Exercise instructions: A verbatim restatement of the data, free of pictures, is what you should output.

Top of Data segment

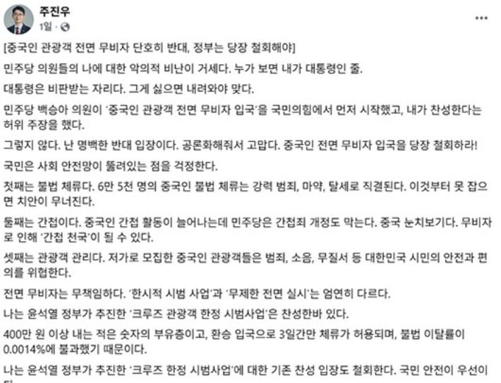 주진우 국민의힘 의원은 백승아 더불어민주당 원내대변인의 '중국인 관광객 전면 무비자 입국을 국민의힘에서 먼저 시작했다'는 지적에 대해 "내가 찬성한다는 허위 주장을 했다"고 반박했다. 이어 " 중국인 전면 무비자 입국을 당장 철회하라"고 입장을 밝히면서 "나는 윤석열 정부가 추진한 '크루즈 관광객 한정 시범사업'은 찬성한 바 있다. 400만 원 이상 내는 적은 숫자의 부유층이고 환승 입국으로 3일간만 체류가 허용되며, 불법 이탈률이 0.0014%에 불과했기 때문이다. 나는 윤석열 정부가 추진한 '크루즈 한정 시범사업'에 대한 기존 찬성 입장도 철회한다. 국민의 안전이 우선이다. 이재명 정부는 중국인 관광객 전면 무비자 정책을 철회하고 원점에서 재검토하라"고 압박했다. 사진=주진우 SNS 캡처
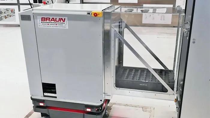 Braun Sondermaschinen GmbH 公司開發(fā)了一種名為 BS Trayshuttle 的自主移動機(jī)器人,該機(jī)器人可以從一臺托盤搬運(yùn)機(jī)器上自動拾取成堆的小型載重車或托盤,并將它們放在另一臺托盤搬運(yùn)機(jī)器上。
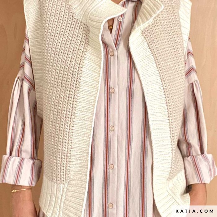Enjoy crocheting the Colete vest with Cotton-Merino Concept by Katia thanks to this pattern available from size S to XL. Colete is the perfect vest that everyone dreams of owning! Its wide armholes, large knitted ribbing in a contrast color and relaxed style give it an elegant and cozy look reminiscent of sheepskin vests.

Bottom of Data segment

Expected answer:
 주진우 국민의힘 의원은 백승아 더불어민주당 원내대변인의 '중국인 관광객 전면 무비자 입국을 국민의힘에서 먼저 시작했다'는 지적에 대해 "내가 찬성한다는 허위 주장을 했다"고 반박했다. 이어 " 중국인 전면 무비자 입국을 당장 철회하라"고 입장을 밝히면서 "나는 윤석열 정부가 추진한 '크루즈 관광객 한정 시범사업'은 찬성한 바 있다. 400만 원 이상 내는 적은 숫자의 부유층이고 환승 입국으로 3일간만 체류가 허용되며, 불법 이탈률이 0.0014%에 불과했기 때문이다. 나는 윤석열 정부가 추진한 '크루즈 한정 시범사업'에 대한 기존 찬성 입장도 철회한다. 국민의 안전이 우선이다. 이재명 정부는 중국인 관광객 전면 무비자 정책을 철회하고 원점에서 재검토하라"고 압박했다. 사진=주진우 SNS 캡처
 Braun Sondermaschinen GmbH 公司開發(fā)了一種名為 BS Trayshuttle 的自主移動機(jī)器人,該機(jī)器人可以從一臺托盤搬運(yùn)機(jī)器上自動拾取成堆的小型載重車或托盤,并將它們放在另一臺托盤搬運(yùn)機(jī)器上。
Enjoy crocheting the Colete vest with Cotton-Merino Concept by Katia thanks to this pattern available from size S to XL. Colete is the perfect vest that everyone dreams of owning! Its wide armholes, large knitted ribbing in a contrast color and relaxed style give it an elegant and cozy look reminiscent of sheepskin vests.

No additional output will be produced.